> _Instructions for the task_:
Give back the lines of the entries below exactly as written, from the first line to the line holding "I Am Having", both included, with the pictures omitted.

Dataset entries
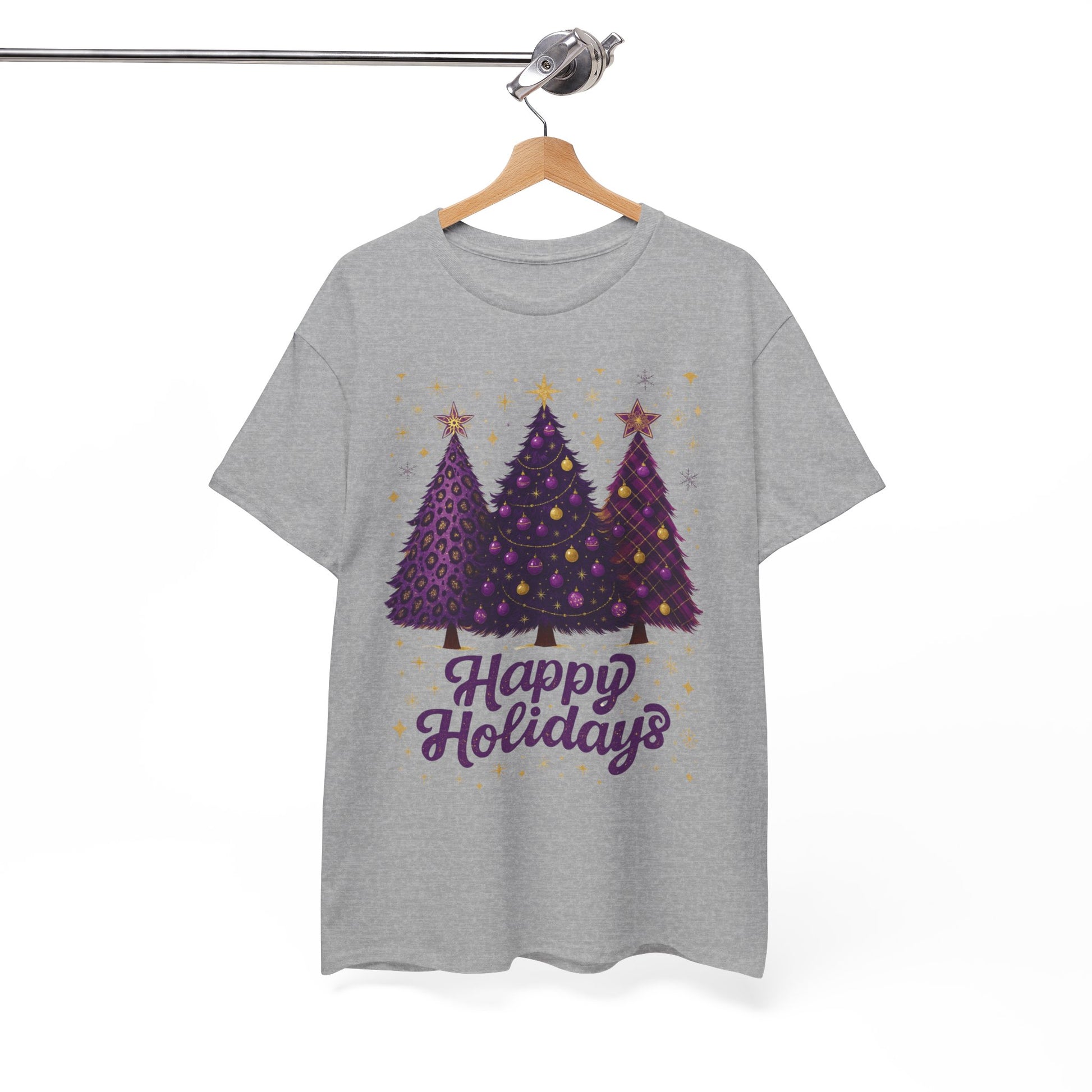 This "Happy Holidays" tee features three stylish Christmas trees in deep purple and gold, each adorned with unique designs. It exudes a festive and joyful vibe, perfect for celebrating the holiday season. The classic fit and comfortable fabric make it suitable for adults looking to add a touch of holiday spirit to their wardrobe.
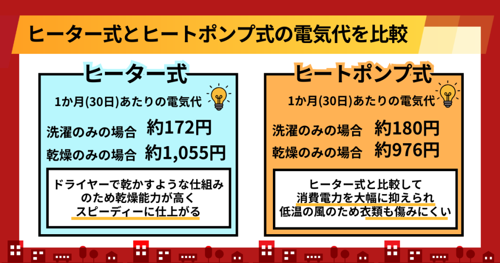 ヒートポンプ式の方が電気代は安い傾向にありますが、フィルター掃除やまとめ洗い、省エネコースの活用など、日々の工夫でさらに節約が可能です。
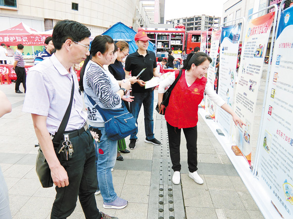 59,永安国土资源局在市中心设立展板,宣传防灾减灾知识。■ 杨家璋 陈 静
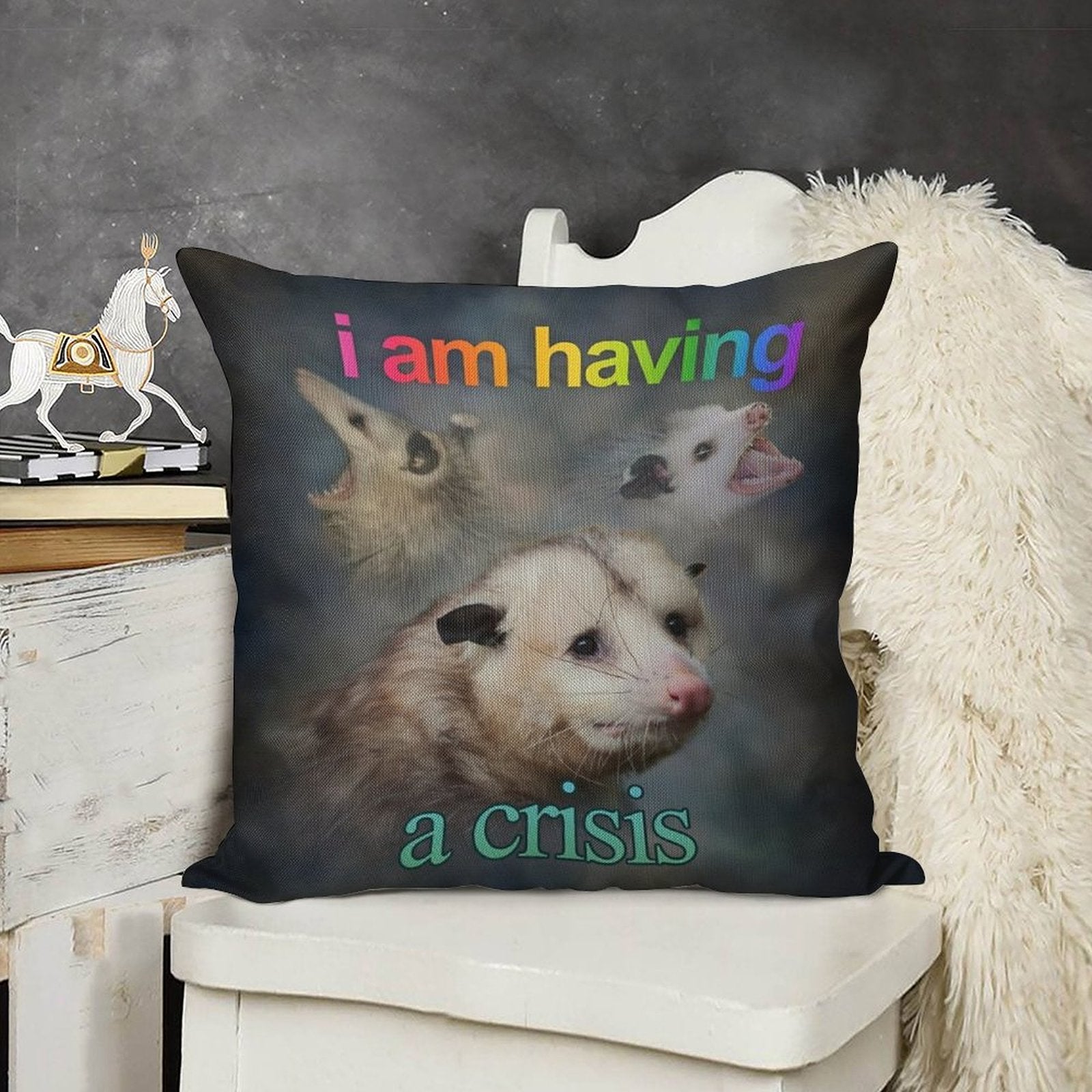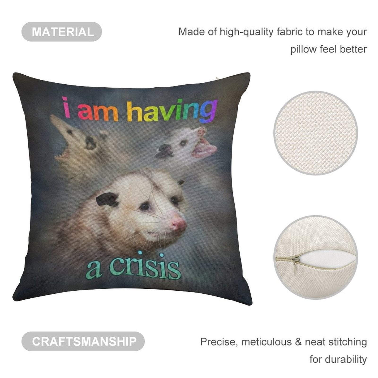 I Am Having A Crisis Possum Word Art Linen Throw Pillow Cover
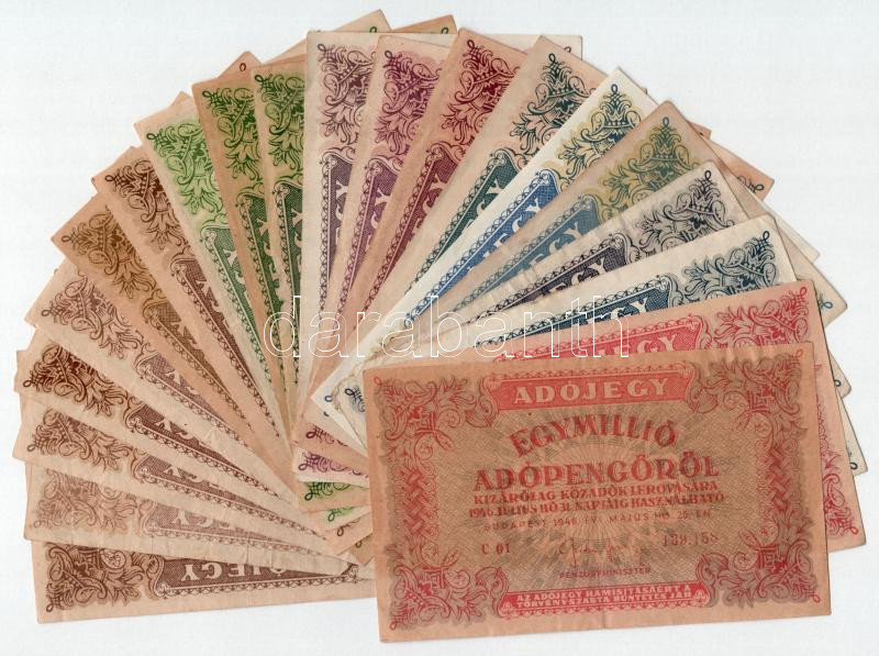 20db-os vegyes adópengő tétel, közte 1946. 1.000.000AP vízjeles papíro... https://www.darabanth.com/de/436-Fernauktion/436.0/Numismatik/Ungarische-Banknoten~1500007/20db-os-vegyes-adopengo-tetel-kozte-1946-1000000AP-vizjeles-papiron-forditott-cimerrel-~II2835834
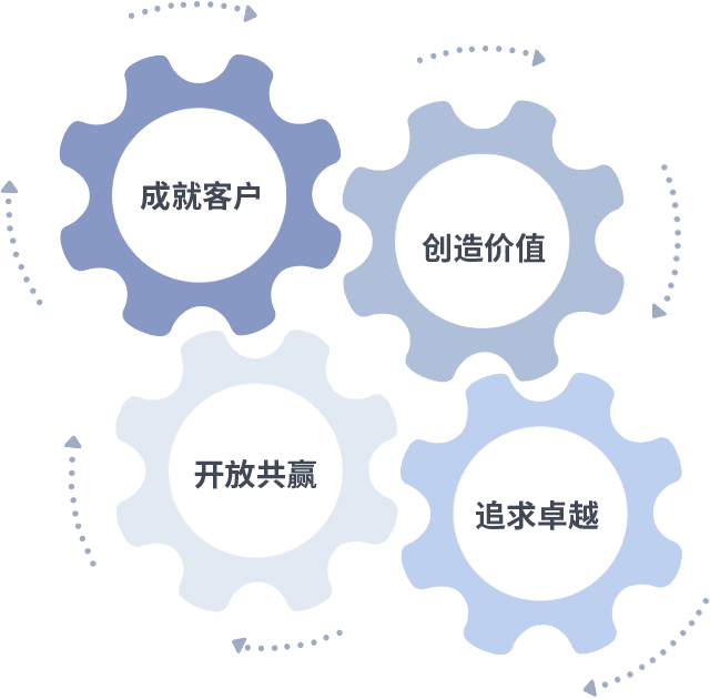 成就客户是一切决策的出发点,,创造价值是衡量所有工作的标准,,追求卓越是我们做事做人的态度,,,开放共赢是我们的格局也是最终的结果。。。。价值观的齿轮环环相扣,,推动着组织里的每个人不断向前。。
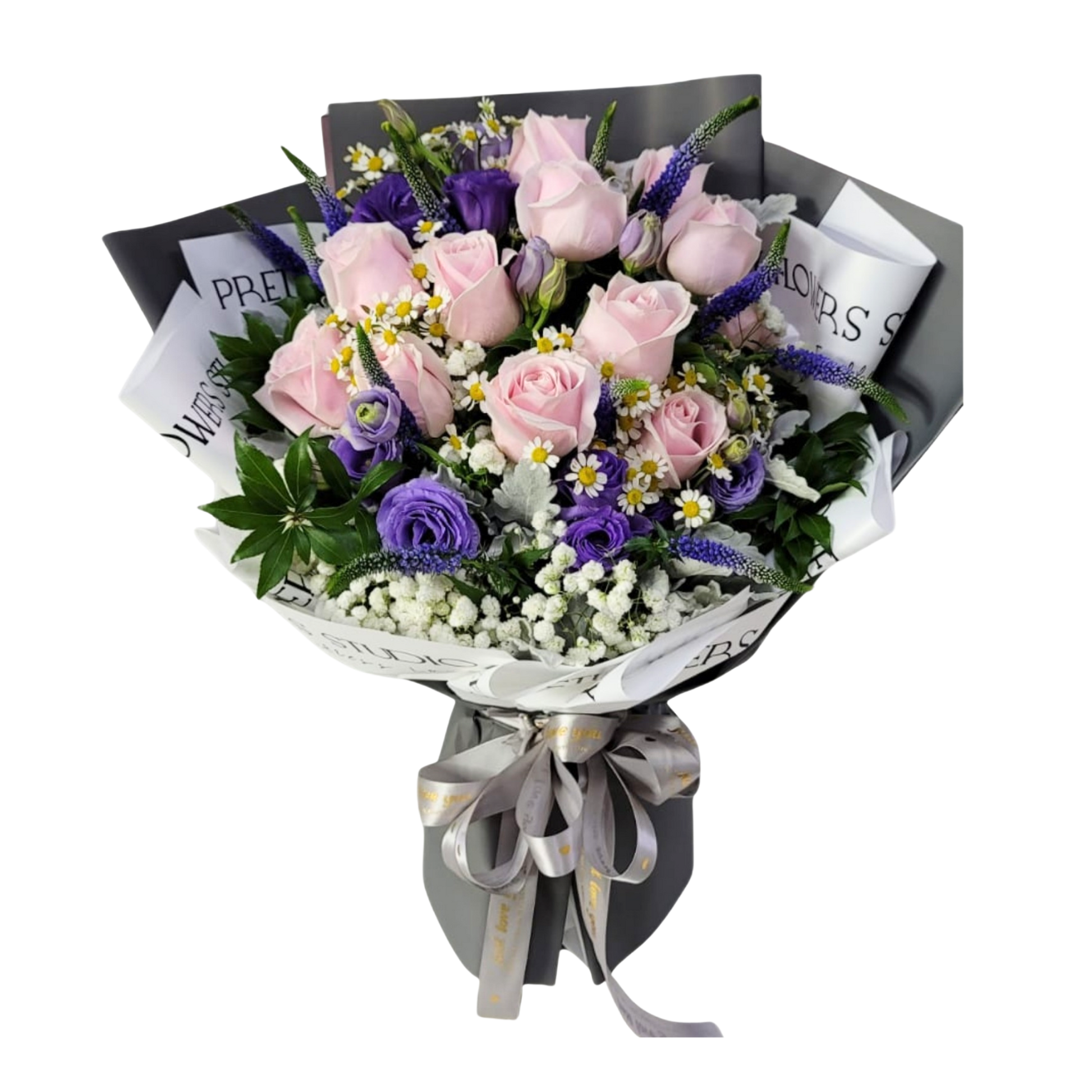 格蘭花店 - 鮮花花束 (玫瑰12枝、桔梗、滿天星、鼠尾草及其他襯花) [FB061]

> _Expected output_:
 This "Happy Holidays" tee features three stylish Christmas trees in deep purple and gold, each adorned with unique designs. It exudes a festive and joyful vibe, perfect for celebrating the holiday season. The classic fit and comfortable fabric make it suitable for adults looking to add a touch of holiday spirit to their wardrobe.
 ヒートポンプ式の方が電気代は安い傾向にありますが、フィルター掃除やまとめ洗い、省エネコースの活用など、日々の工夫でさらに節約が可能です。
 59,永安国土资源局在市中心设立展板,宣传防灾减灾知识。■ 杨家璋 陈 静
 I Am Having A Crisis Possum Word Art Linen Throw Pillow Cover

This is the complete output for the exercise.